The center joined the Heat from the Minnesota Timberwolves in 2007, as part of a trade which saw Antoine Walker, Michael Doleac and Wayne Simien go the other way, while teammate Ricky Davis joined up with him in Miami.
He really was less than inspiring, averaging 8.4 points per game in his first season, along with a disappointing 3.8 rebounds per game. His second season saw him average just 4 points per game and a still disappointing 2.1 rebounds per game, although - in his defence - he was playing less minutes.
The Heat traded Blount back to the Timberwolves in 2009 for Quentin Richardson and he was later waived by the team, leaving him to call it a wrap on his career.
3 Best: Tim Hardaway
Point guard Tim Hardaway only played one year in Miami after 2000, but his name has every right to be on this list, as he was one of the Heat’s best-ever performers.
Hardaway joined the side as part of a midseason trade from the Golden State Warriors in 1996. His impact was immediate and he posted 17.2 points per game, along with 10 assists, for the rest of that season. The Heat made it to the playoffs, but were swept by Michael Jordan’s Chicago Bulls, who had won a then-record 72 regular season games.
The guard’s first full campaign saw the team win a record 62 games leading up to the playoffs, with him averaging 20.3 points and 8.6 assists per game. This time around, the Heat made it to the Conference Finals, but were again stopped by the rampant Bulls.
Hardaway, a five-time All-Star, never got to win a ring at Miami, or anywhere else for that matter, but is one of the finest talents to ever grace their home floor. His son, Tim Jr., now plays as a shooting guard for the Atlanta Hawks.
Maybe he will have better luck.
2 Worst: Mike Bibby
One of the most exciting point guards of the early 2000s, the now-retired Mike Bibby certainly lit things up in Sacramento. Bibby was drafted by the Vancouver Grizzlies in 1998 as the second overall pick and spent three seasons with the team before being traded to the Kings in 2001.
In his seven seasons there, the guard gained fame for his clutch performances, most notably in the 2002 Western Conference Finals against the Los Angeles Lakers, whom they forced all the way to a game seven.
Bibby would play for the Atlanta Hawks and Washington Wizards before joining the Heat in March of 2011. He played just 22 regular season games, starting 12 of those and averaging 7.3 points per game. He played a further 20 games in the playoffs, averaging 3.7 points and going to the Finals for the first time in his career, but the Dallas Mavericks would be too much for a Heat side boasting the ‘big 3’.

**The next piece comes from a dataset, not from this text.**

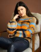 This super soft feather yarn knitted sweater with crew neckline is a relaxed fit .
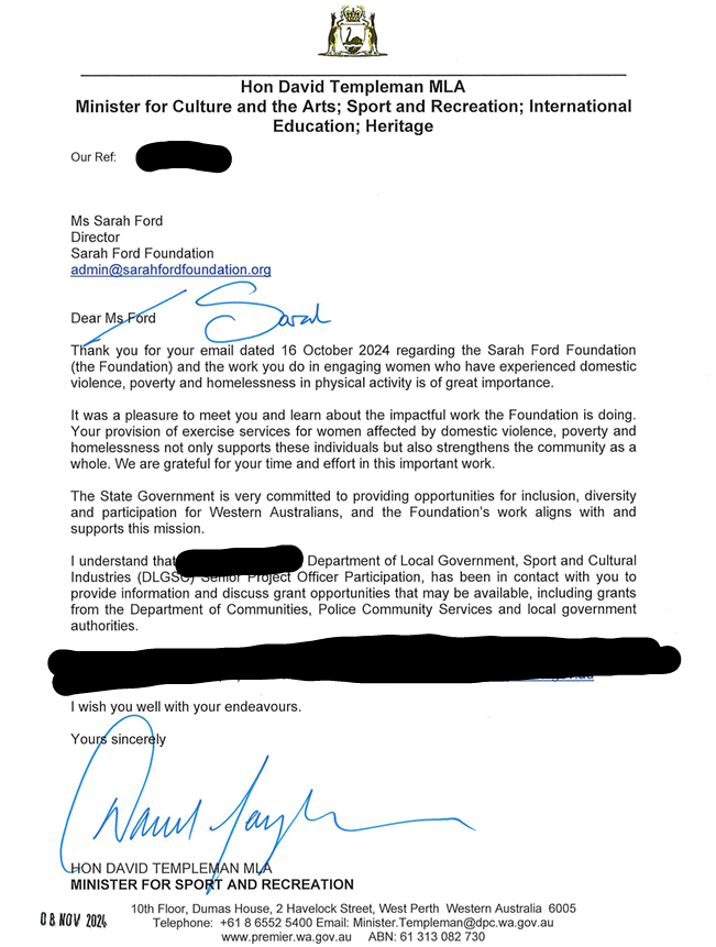 Sarah met with Dr Toni Buti MLA for Armadale and discussed the Sarah Ford Foundation and it’s plan to offer a group fitness service for women who are currently experiencing or who are victim-survivors of family and domestic violence (FDV). Sarah spoke with Dr Buti about plans for upcoming FDV Hub in Armadale and how group exercise could be used as an adjunct treatment alongside more traditional treatment methodologies to assist in reducing the negative symtoms of mental health.

The guard simply could not get it going in the Finals, as his career was all but done by then. He played a season with the New York Knicks before retiring in 2012.
1 Best: Alonzo Mourning
Seven-time All-Star Alonzo Mourning had two stints with the Heat, joining them from the Charlotte Hornets in 1995 then leaving in 2002 because of a kidney issue, only to return to the team in 2005 before leaving in 2008.

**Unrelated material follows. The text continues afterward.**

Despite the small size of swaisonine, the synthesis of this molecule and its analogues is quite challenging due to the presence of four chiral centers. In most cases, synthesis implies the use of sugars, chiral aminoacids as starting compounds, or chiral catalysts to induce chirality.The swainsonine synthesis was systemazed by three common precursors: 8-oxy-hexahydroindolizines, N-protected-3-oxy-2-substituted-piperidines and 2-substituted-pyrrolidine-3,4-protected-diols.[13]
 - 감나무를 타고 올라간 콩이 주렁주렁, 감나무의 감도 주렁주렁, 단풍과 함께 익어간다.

The power forward/center is one of the biggest pieces in Heat history. He helped them win an NBA Championship in 2006 and despite Dwyane Wade and Shaquille O’Neal being the go-to guys in the team, it was his defensive performance in game six of the Finals against the Dallas Mavericks that ensured that Miami emerged champions.
The big man protected the rim with determined tenacity late on, making several big blocks to keep the Mavericks at bay and see Miami win their first ever Final.